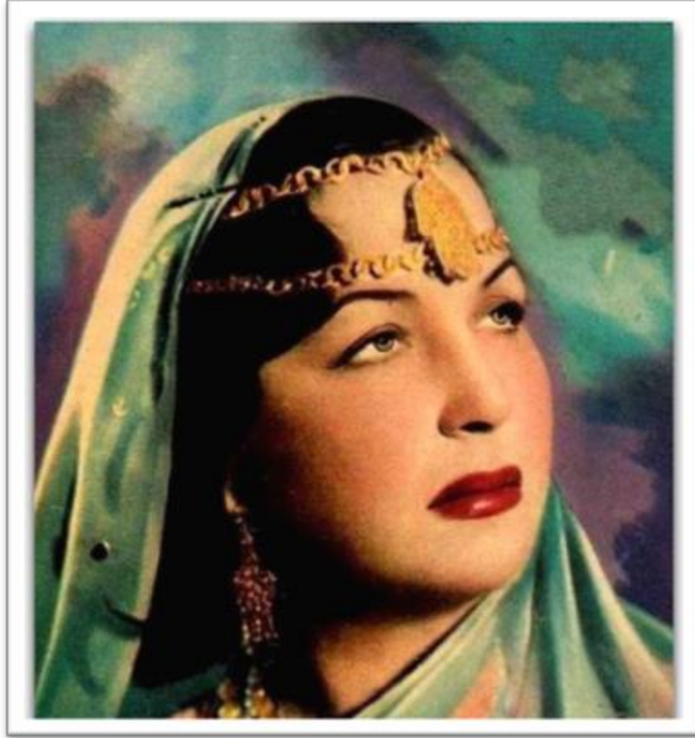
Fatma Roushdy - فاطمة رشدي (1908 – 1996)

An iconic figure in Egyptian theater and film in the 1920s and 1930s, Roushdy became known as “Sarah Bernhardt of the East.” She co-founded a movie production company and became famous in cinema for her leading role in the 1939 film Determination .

----------

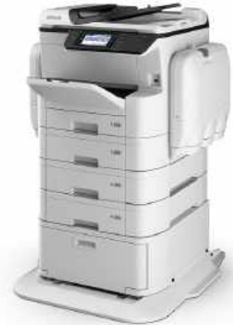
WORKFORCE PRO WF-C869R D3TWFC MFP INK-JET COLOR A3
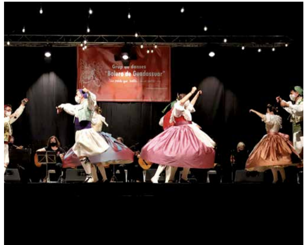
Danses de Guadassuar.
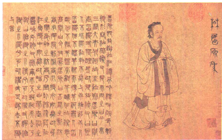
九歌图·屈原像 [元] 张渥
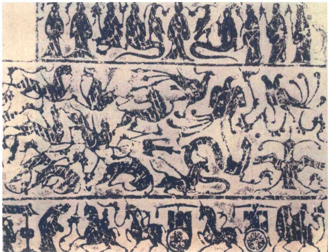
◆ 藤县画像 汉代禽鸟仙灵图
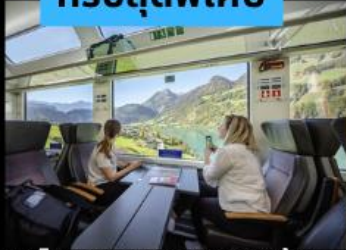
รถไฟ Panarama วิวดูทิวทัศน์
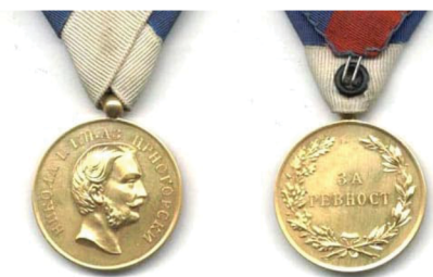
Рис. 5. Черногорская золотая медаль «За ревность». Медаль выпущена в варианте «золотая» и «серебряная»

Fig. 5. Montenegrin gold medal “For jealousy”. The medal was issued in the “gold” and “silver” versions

----------

▸ **Exercise details**
Using the material above, copy every line in which the string "Roushdy" occurs.

▸ **Your response**
Fatma Roushdy - فاطمة رشدي (1908 – 1996)
An iconic figure in Egyptian theater and film in the 1920s and 1930s, Roushdy became known as “Sarah Bernhardt of the East.” She co-founded a movie production company and became famous in cinema for her leading role in the 1939 film Determination .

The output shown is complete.